Handouts don’t work. By now, we have decades of data to show they don’t. The War on Poverty has created generational poverty on a level that wouldn’t likely exist without it. The family unit has been destroyed in impoverished communities, as policies tend to favor women with absentee co-parents. We know that handing even more money over doesn’t work.

So how did the Republican mayor of Albuquerque [Mayor Richard Berry] deal with the lowest of the low in his city? Simple. He found a way to give them their dignity back.

    Throughout his administration, as part of a push to connect the homeless population to services, Berry had taken to driving through the city to talk to panhandlers about their lives. His city’s poorest residents told him they didn’t want to be on the streets begging for money, but they didn’t know where else to go.

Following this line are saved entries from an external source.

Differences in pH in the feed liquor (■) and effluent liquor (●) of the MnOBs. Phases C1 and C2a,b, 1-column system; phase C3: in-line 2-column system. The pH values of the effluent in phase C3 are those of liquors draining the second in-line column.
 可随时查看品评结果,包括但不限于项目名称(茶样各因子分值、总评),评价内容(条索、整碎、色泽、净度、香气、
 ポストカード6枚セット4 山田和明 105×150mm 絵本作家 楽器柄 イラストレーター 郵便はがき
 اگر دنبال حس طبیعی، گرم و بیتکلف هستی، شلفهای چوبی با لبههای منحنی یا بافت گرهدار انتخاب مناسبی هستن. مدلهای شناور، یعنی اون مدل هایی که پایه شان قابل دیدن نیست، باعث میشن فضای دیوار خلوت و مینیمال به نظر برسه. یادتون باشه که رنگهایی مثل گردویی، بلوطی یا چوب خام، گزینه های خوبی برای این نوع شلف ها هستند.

    Seeing that sign gave Berry an idea. Instead of asking them, many of whom feel dispirited, to go out looking for work, the city could bring the work to them.

    Next month will be the first anniversary of Albuquerque’s There’s a Better Way program, which hires panhandlers for day jobs beautifying the city.

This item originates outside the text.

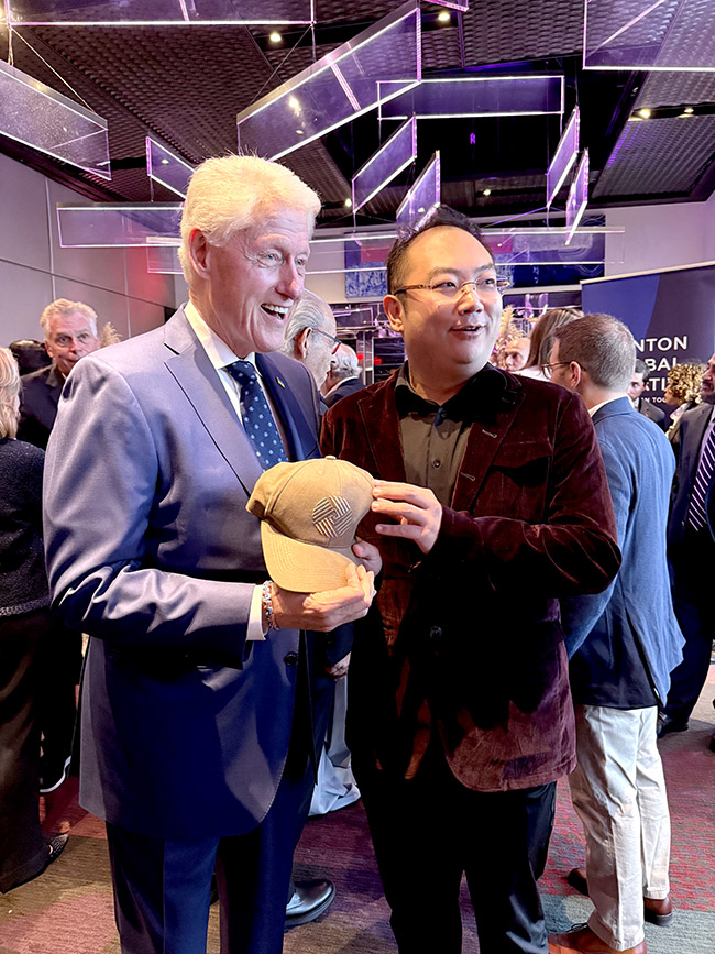 共续APEC传承 ,,,, ,zoty中欧体育集团董事局主席徐鹏向克林顿赠予APEC2024帽子

    In partnership with a local nonprofit that serves the homeless population, a van is dispatched around the city to pick up panhandlers who are interested in working. The job pays $9 an hour, which is above minimum wage, and provides a lunch. At the end of the shift, the participants are offered overnight shelter as needed.

    In less than a year since its start, the program has given out 932 jobs clearing 69,601 pounds of litter and weeds from 196 city blocks. And more than 100 people have been connected to permanent employment.

. . .

There’s a beneficial exchange taking place. The city of Albuquerque gets litter picked up and some landscaping while those who are doing the work are given a wage.

In the process, it gives these people their dignity back.

Mayor Comes Up with Simple Way to Combat Homelessness, Panhandling in His City

Incentives matter.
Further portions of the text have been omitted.